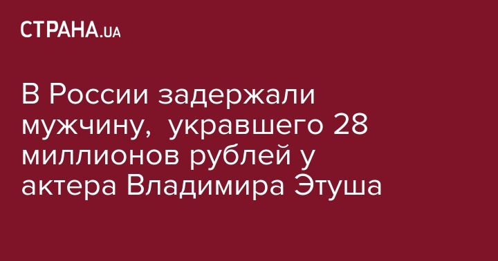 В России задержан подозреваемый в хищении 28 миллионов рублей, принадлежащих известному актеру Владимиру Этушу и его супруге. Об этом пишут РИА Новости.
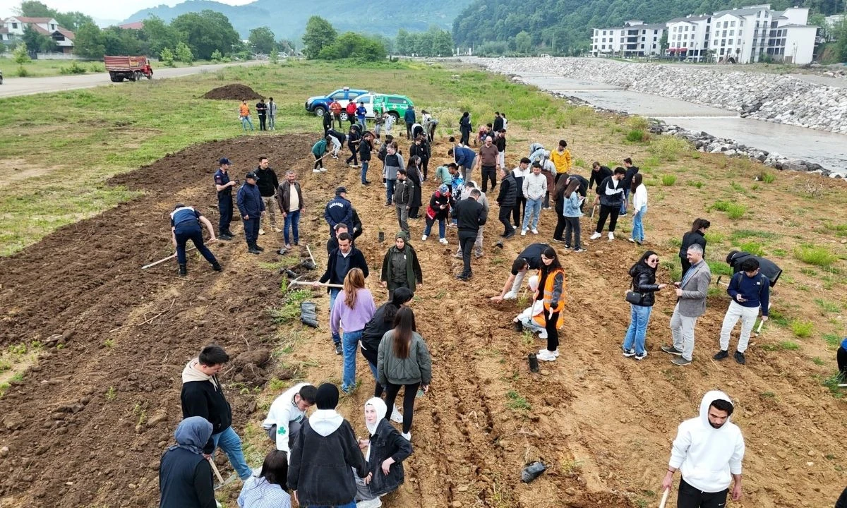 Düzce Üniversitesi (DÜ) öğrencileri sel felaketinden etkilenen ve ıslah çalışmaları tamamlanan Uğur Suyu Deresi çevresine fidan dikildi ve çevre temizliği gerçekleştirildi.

-------

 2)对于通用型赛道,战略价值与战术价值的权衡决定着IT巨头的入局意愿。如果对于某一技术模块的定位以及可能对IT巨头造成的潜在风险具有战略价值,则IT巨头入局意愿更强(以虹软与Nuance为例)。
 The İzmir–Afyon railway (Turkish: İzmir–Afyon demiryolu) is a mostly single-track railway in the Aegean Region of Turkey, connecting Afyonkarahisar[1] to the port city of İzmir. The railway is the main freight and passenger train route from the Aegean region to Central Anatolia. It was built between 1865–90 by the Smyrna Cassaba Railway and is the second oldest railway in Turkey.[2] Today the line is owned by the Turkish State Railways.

-------

### Activity
Reproduce exactly the lines of the data above that run from the line with "В России задержан" down to the line with "Düzce Üniversitesi (DÜ)", both ends included. Pictures do not belong in the copy.

### The answer
 В России задержан подозреваемый в хищении 28 миллионов рублей, принадлежащих известному актеру Владимиру Этушу и его супруге. Об этом пишут РИА Новости.
 Düzce Üniversitesi (DÜ) öğrencileri sel felaketinden etkilenen ve ıslah çalışmaları tamamlanan Uğur Suyu Deresi çevresine fidan dikildi ve çevre temizliği gerçekleştirildi.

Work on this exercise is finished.